I have a large collection of image files for a book, andthe publisher wants a list where files are classified by "type" (greyscale graph, b/w halftone image, color image, line drawing, etc.). This is a hard problem in general, but perhaps I can do some of this automatically using image processing tools, e.g., ImageMagick with the R magick package.
I think ImageMagick is the right tool, but I don't really know how to use it for this purpose.
What I have is just a list of fig numbers & file names:
1.1 ch01-intro/fig/alcohol-risk.jpg
1.2 ch01-intro/fig/measels.png
1.3 ch01-intro/fig/numbers.png
1.4 ch01-intro/fig/Lascaux-bull-chamber.jpg
...
Can someone help get me started?
Edit: This was probably an ill-framed or overly-arching question as initially stated. I thought that ImageMagick identify
or the R magick::image_info()
function could help, so the initial question perhaps should have been: "How to extract image information from a list of files [in R]". I can pose this separately, if not already asked.
An initial attempt at this gave me the following for my first images,
library(magick)
# initialize an empty array to hold the results of `image_info`
figinfo <- data.frame(
format=character(),
width=numeric(),
height=numeric(),
colorspace=character(),
matte=logical(),
filesize=numeric(),
density=character(), stringsAsFactors = FALSE
)
for (i in seq_along(files)) {
img <- image_read(files[i])
info <- image_info(img)
figinfo[i,] <- info
}
I get:
> figinfo
format width height colorspace matte filesize density
1 JPEG 661 733 sRGB FALSE 41884 72x72
2 PNG 838 591 sRGB TRUE 98276 38x38
3 PNG 990 721 sRGB TRUE 427253 38x38
4 JPEG 798 219 sRGB FALSE 99845 300x300
I conclude that this doesn't help much in answering the question I posed, of how to classify these images.
Edit2 Before closing this question, the advice to look into direct use of ImageMagick identify
was helpful. https://imagemagick.org/script/escape.php
In particular, the %[type]
is closer to
what I need.

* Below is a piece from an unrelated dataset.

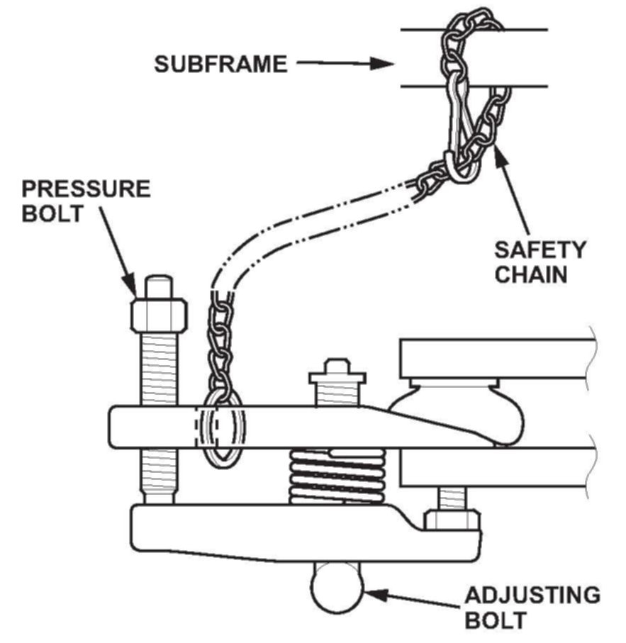 Fasten the safety chain securely to a suspension arm or the subframe. Do not fasten it to a brake line or a wire harness.

This is not exposed in magick::image_info()
, so I may have to write a shell script or call system()
in a loop.
For the record, here is how I can extract relevant attributes of these image files using identify
directly.
# Get image characteristics via ImageMagick identify
# from: https://imagemagick.org/script/escape.php
#
# -format elements:
# %m image file format
# %f filename
# %[type] image type
# %k number of unique colors
# %h image height in pixels
# %r image class and colorspace
identify -format "%m,%f,%[type],%r,%k,%hx%w" imagefile
>identify -format "%m,%f,%[type],%r,%k,%hx%w" Quipu.png
PNG,Quipu.png,GrayscaleAlpha,DirectClass Gray Matte,16,449x299
The %[type]
attribute takes me towards what I want.